Criminal Lunatics (Ireland) Act 1838
- Parliament of the United Kingdom
- Long title: An Act to make more effectual Provision for the Prevention of Offences by Insane Persons in Ireland.
- Citation: 1 & 2 Vict. c. 27

Dates
- Royal assent: 11 June 1838

Other legislation
- Amended by: Statute Law Revision Act 1874 (No. 2)

= Criminal Lunatics (Ireland) Act 1838 =

Act of Parliament of the United Kingdom

The Criminal Lunatics (Ireland) Act 1838 (Note: The citation of this Act by this short title was authorised by the Short Titles Act 1896, section 1 and the first schedule. Due to the repeal of those provisions it is now authorised by section 19(2) of the Interpretation Act 1978.) (1 & 2 Vict. c. 27) was an act of Parliament in the United Kingdom, signed into law on 11 June 1838. It was one of the Lunacy (Ireland) Acts 1821 to 1890. (Note: The Short Titles Act 1896, section 2(1) and Schedule 2.)

==Provisions==
The act provided that when a person was detained under circumstances suggesting that they were of deranged mind and had the intention of committing a crime, then two justices were empowered to call in a physician to examine the suspect. If the physician determined that the person was a "dangerous lunatic" he could be committed to jail, until either discharged by order of two justices or removed to a lunatic asylum by order of the Lord Lieutenant.

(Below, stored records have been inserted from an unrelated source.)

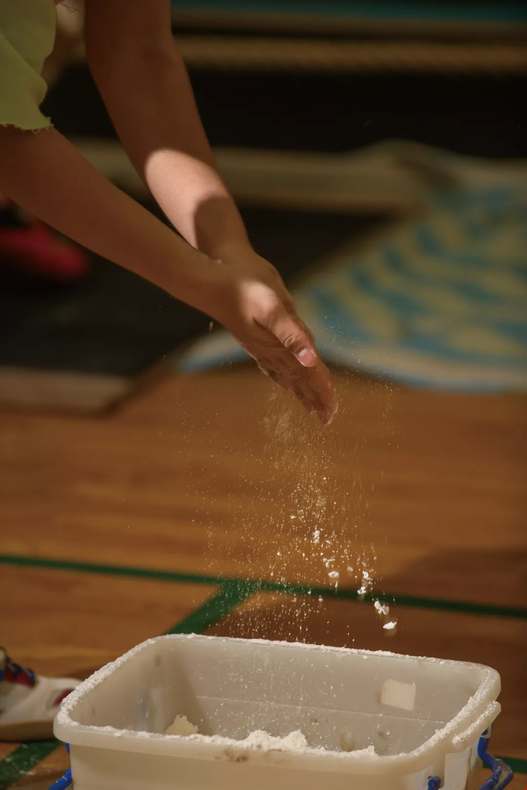 選手たちは、手にグリップパウダーをつけて試合に臨む。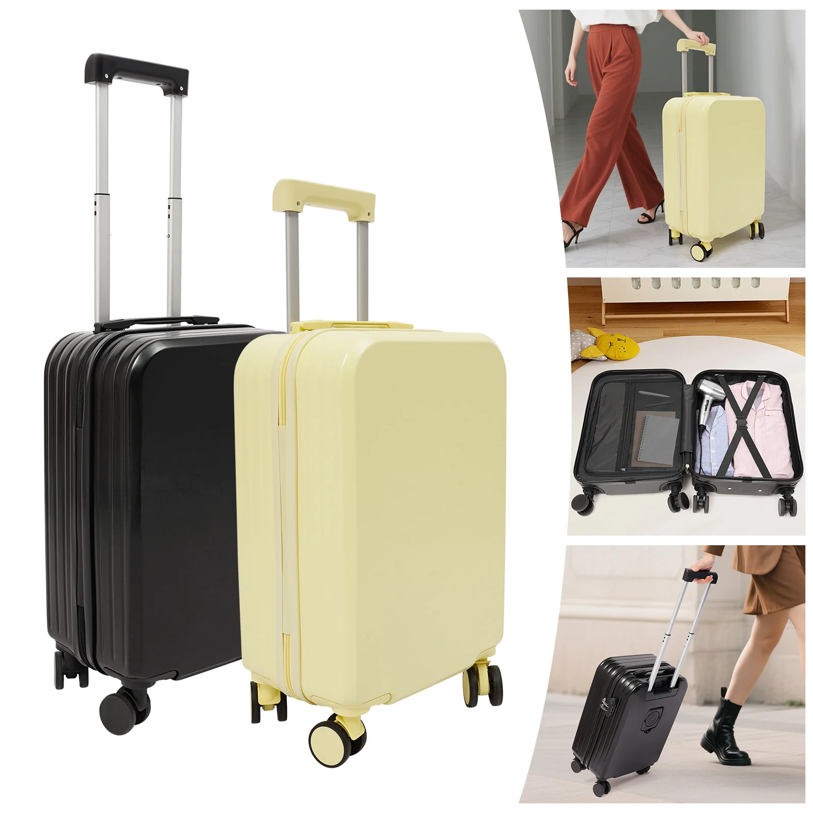 20in Light Yellow ABS Travel Luggage Suitcase with 998 Cup Holder,Rectangular Load 40kg 4 * Shock-absorbing Wheels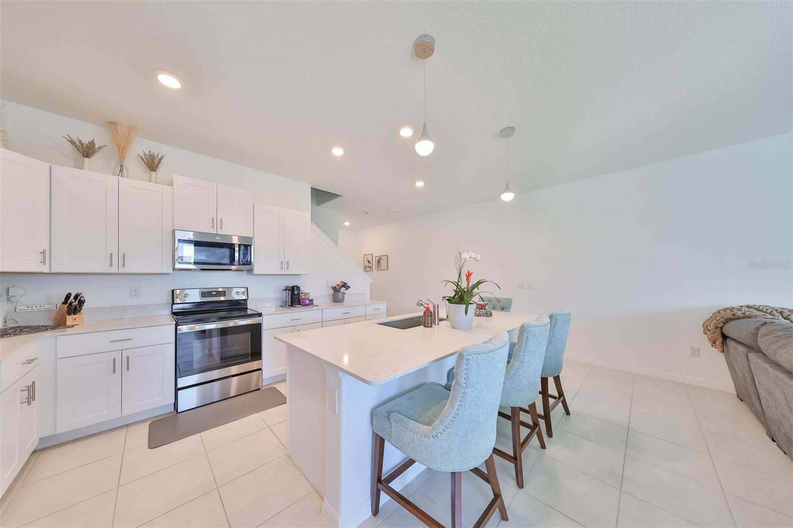 Why wait for new construction when you can have almost NEW 3 Bedroom 2.5 Bathroom plus LOFT Townhome in the gorgeous community of Mirada! The popular Marisol model has over 2300 sq ft and is very spacious with great functionally. The inviting entryway leads you into the contemporary layout which includes the kitchen, family room and dining room. This is the absolute best floor plan for entertaining and family get togethers! The kitchen is a chef's dream with shaker cabinets, quartz countertops, stainless steel appliances, a large pantry and kitchen island to gather around. The family room has lots of natural light and leads directly into the dining room with gorgeous upgraded light fixtures. The slider then leads you to the covered porch with view of the pond. Upstairs you will find all 3 bedrooms and versatile LOFT space! It has a convenient split plan with master on one side and 2 bedrooms toward the back. The master retreat has plenty of space for any oversized furniture and wait til you see the walk in closet...Wow! The master bathroom has tranquil vibes with a garden tub and double vanity.... the perfect spot to unwind after a long day. The upstairs laundry room makes doing your laundry a breeze without having to carry it up and down the stairs. <<Mirada is a master planned community and offers a 15 acre LAGOON including swimming, kayaking, paddleboarding, and a beach>> Something for everyone to love! The community also has various nature trails for walking and biking along with a playground for the kids and a dog park. It is conveniently located just minutes from I-75 and is close to new retail and restaurants.

==Role of Lord Lieutenant==
The Lord Lieutenant was given the power to direct persons under a sentence of imprisonment or transportation be placed in a lunatic asylum, to remain there until certified of sound mind by two physicians, when the Lord Lieutenant could direct their removal. Additionally, he was given a similar power in regard to persons committed for trial.